Tuesday, June 27, 2006

Recovering Our Stories

I just finished The Acts of Jesus: What Did Jesus Really Do? by Robert W. Funk and the Jesus Seminar. I think the final paragraph says it all:

Redeeming the myths

The Fellows of the Jesus Seminar are profoundly cognizant that human beings do not live by the bread of facts alone. We live by our stories - by our myths, which is only a fancy word for story - and these fictions are supposed to make sense out of a complex universe of meaning mixed with nonsense. Myths are not true or untrue; as one Fellow puts it, they are either living or dead. Literalism in biblical interpretation in tandem with scientism has helped strangle the myths of the Christian tradition. Historical criticism like that practiced by the Jesus Seminar is intended to release the gospel stories from their literalistic burden. Exposing them to historical assessment relocates them in the realm of story and myth, so they can recover their proper function.

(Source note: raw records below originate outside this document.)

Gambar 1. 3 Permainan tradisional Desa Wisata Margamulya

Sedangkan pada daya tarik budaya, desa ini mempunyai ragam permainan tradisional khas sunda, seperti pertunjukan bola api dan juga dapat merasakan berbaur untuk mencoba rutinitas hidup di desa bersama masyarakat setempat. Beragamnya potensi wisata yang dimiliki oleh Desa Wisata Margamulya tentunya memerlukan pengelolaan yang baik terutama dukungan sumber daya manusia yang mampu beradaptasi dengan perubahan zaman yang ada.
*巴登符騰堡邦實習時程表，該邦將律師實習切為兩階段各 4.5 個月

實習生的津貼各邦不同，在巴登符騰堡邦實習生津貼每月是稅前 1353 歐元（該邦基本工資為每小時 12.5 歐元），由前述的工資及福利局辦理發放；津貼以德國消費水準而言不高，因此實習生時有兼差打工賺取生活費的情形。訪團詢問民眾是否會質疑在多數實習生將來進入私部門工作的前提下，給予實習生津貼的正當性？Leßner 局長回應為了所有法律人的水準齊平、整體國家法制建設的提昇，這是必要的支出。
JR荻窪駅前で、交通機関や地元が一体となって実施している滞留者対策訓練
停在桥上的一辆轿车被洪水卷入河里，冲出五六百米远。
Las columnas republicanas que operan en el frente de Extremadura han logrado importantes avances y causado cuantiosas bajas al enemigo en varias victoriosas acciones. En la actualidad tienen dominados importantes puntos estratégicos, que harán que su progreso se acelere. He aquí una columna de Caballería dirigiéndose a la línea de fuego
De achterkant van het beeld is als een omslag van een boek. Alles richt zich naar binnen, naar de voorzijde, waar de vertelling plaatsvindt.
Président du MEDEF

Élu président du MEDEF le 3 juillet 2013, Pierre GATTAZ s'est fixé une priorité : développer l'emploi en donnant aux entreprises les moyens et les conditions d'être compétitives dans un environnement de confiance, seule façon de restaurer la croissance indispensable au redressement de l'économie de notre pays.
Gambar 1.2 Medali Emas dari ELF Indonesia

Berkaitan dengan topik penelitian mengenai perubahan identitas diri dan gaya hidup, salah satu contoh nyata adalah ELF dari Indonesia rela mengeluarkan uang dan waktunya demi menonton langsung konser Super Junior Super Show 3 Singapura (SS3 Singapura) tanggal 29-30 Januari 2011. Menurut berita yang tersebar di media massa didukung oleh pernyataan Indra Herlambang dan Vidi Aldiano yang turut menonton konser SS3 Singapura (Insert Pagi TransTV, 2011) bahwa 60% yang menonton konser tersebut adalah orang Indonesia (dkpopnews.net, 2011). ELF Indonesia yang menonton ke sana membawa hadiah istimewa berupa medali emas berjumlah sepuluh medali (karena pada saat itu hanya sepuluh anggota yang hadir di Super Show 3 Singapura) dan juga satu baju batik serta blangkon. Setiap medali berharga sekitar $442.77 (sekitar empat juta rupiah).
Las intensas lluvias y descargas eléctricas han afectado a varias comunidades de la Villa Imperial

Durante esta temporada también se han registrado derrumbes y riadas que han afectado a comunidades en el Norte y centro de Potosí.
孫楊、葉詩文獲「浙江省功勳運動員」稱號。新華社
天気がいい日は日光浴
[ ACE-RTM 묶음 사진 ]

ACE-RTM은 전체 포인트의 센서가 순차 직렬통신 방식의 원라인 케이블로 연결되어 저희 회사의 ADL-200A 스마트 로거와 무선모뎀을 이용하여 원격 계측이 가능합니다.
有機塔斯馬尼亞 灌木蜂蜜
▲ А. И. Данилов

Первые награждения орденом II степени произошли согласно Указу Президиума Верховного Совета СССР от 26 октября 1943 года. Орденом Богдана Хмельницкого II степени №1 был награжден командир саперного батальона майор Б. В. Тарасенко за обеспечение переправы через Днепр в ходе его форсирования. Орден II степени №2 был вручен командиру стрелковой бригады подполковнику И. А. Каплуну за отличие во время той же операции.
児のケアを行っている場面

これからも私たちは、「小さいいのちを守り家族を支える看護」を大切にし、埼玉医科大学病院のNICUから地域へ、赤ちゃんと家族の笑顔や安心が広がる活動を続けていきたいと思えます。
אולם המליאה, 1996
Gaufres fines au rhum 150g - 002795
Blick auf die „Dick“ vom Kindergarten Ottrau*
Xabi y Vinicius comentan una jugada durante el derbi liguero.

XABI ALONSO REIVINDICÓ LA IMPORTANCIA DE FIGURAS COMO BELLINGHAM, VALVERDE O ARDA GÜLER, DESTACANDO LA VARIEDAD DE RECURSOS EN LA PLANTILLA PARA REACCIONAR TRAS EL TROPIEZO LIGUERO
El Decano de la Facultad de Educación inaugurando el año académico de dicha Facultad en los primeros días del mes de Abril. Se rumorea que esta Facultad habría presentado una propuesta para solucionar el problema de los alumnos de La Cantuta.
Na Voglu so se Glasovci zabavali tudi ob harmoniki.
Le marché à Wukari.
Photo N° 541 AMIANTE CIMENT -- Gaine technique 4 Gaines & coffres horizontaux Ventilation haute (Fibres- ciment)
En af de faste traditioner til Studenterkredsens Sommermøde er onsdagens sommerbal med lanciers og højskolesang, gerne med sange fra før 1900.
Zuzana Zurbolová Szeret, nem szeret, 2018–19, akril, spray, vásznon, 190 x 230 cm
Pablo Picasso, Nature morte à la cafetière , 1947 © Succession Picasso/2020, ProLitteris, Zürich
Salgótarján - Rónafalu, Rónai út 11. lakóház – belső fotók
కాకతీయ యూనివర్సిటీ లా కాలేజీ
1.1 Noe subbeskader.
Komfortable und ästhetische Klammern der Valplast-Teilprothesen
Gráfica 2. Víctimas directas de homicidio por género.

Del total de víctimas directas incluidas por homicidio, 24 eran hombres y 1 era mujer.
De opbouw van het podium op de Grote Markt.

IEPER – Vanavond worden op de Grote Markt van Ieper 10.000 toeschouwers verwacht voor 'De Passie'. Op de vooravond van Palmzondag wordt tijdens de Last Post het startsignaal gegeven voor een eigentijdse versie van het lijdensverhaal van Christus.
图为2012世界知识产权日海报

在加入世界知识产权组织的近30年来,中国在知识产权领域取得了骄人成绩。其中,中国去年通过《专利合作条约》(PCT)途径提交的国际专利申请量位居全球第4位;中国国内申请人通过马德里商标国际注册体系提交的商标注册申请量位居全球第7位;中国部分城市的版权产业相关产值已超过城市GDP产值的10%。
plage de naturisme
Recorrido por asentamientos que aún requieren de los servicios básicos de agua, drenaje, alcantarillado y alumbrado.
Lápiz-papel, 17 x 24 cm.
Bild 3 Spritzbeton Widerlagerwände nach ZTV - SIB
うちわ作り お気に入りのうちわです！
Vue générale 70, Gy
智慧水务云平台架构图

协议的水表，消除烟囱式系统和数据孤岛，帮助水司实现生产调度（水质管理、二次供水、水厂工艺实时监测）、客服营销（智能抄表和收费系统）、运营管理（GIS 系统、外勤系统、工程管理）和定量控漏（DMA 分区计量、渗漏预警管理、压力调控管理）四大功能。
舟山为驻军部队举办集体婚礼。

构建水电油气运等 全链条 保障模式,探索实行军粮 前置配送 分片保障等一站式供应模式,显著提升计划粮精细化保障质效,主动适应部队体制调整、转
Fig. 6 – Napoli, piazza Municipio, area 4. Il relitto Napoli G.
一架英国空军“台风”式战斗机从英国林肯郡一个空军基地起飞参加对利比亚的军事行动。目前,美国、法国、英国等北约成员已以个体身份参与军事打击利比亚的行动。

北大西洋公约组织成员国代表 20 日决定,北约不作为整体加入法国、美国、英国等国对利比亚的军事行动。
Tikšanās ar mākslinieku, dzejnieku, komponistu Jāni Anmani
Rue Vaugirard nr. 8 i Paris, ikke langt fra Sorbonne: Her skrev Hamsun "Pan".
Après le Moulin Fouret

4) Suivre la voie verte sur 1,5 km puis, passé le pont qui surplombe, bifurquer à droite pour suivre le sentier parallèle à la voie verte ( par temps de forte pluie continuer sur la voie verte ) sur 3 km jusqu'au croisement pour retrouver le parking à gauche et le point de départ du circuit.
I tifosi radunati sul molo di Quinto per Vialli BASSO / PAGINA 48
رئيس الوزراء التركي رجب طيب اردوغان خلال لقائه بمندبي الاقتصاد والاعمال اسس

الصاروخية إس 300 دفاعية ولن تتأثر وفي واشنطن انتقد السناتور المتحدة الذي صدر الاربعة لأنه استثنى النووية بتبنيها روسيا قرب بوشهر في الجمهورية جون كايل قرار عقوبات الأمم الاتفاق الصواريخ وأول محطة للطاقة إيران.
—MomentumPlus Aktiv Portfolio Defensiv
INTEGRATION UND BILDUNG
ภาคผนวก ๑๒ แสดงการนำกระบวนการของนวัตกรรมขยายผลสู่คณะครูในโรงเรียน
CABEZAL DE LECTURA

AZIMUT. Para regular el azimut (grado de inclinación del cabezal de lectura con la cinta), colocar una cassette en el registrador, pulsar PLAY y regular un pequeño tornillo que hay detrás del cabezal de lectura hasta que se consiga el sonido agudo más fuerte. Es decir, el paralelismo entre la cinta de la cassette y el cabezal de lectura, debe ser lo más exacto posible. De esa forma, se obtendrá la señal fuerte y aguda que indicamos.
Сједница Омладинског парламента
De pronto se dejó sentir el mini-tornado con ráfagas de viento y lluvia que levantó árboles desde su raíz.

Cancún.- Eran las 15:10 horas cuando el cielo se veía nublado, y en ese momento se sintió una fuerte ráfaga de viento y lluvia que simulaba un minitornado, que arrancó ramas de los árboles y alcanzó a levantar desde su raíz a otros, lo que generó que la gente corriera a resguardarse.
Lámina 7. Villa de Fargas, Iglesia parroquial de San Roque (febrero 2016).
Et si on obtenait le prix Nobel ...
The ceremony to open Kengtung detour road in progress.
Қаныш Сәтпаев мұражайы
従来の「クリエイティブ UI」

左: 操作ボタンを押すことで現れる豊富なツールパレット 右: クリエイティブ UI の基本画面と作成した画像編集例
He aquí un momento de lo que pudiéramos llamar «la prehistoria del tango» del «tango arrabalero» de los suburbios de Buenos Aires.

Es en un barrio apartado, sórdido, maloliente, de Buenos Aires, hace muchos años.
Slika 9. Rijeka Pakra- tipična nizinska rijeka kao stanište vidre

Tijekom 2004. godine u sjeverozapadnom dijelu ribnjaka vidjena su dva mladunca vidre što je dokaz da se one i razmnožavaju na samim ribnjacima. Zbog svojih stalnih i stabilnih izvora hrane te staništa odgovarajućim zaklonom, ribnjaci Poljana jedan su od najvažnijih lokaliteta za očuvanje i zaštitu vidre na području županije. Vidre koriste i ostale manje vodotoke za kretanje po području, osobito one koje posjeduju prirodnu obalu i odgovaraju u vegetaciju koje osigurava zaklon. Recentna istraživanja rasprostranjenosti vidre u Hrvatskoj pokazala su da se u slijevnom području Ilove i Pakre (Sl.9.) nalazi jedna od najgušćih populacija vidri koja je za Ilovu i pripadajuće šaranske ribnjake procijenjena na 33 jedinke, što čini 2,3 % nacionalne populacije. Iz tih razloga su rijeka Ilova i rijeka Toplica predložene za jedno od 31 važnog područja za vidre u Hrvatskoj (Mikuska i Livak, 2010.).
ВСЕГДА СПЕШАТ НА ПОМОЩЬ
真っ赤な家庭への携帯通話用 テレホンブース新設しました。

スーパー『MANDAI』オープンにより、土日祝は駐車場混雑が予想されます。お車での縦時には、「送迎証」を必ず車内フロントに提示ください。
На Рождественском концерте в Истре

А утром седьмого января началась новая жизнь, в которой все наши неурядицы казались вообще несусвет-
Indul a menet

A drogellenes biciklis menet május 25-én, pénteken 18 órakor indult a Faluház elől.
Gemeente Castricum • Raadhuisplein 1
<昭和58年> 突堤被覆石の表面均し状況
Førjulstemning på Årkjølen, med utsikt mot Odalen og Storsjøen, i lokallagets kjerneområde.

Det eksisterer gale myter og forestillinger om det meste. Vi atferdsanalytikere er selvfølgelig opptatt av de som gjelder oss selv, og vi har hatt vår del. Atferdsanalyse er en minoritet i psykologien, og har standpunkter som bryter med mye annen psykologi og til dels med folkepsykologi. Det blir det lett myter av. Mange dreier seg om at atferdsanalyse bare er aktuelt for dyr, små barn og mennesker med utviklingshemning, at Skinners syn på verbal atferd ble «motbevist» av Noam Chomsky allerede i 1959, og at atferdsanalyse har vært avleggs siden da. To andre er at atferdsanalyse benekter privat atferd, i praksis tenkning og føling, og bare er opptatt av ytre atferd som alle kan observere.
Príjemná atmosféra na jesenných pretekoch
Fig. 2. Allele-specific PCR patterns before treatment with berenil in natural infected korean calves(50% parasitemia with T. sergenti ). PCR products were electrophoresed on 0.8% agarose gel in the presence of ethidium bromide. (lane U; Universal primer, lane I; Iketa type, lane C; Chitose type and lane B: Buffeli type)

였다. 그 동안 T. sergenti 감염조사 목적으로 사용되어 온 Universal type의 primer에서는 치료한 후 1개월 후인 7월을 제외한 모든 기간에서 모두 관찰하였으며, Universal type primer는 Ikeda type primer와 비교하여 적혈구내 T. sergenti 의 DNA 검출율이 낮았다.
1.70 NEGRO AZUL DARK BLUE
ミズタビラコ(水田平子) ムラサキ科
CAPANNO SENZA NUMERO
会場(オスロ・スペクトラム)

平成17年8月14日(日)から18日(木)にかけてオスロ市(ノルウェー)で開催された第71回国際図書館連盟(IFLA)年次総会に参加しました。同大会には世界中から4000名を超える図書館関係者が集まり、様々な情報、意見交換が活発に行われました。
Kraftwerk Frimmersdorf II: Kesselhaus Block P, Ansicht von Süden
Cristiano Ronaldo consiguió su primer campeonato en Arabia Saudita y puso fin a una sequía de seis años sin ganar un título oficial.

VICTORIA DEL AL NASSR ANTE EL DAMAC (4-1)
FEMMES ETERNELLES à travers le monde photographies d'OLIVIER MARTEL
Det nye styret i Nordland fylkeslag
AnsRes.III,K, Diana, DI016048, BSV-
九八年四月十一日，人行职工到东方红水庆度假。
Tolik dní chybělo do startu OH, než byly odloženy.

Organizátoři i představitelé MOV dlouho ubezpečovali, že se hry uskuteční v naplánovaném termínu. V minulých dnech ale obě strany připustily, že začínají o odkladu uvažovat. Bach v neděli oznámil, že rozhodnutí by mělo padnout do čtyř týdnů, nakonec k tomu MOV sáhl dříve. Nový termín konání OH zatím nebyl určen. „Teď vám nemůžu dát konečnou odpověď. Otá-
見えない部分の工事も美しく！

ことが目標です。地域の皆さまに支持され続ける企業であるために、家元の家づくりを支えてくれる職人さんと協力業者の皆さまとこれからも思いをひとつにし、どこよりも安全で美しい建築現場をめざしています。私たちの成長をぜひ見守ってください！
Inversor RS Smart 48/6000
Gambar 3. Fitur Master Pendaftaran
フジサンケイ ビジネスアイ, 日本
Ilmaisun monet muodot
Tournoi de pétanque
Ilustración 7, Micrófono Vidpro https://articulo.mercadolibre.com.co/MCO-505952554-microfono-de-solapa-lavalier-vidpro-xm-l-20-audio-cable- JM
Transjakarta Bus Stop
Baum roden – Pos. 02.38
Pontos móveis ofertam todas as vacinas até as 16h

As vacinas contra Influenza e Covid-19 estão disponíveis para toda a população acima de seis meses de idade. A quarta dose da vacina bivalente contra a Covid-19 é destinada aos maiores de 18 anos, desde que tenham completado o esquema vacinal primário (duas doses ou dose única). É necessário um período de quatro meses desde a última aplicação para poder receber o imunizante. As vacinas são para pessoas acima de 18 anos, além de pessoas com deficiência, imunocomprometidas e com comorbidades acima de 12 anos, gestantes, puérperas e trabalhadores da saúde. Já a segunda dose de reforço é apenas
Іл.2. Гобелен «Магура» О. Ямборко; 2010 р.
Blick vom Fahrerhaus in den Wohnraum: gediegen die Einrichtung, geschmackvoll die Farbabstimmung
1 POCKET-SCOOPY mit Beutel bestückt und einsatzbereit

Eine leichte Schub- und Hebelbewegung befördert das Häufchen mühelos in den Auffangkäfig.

When we move them back within that perspective, perhaps new mythmakers and storytellers will once again find voice to celebrate the simple yet enduring story of Jesus of Nazareth.
The Fellows of the Jesus Seminar are, as one would expect, widely regarded in Christian circles as heretics. None have yet been burned at the stake, but it's not from want of desire on the part of evangelicals in particular. It's all about power, of course. Groups like the Jesus Seminar liberate believers from the institutional church, which, in the view of leaders of the institutional church, is a sin more serious than blasphemy.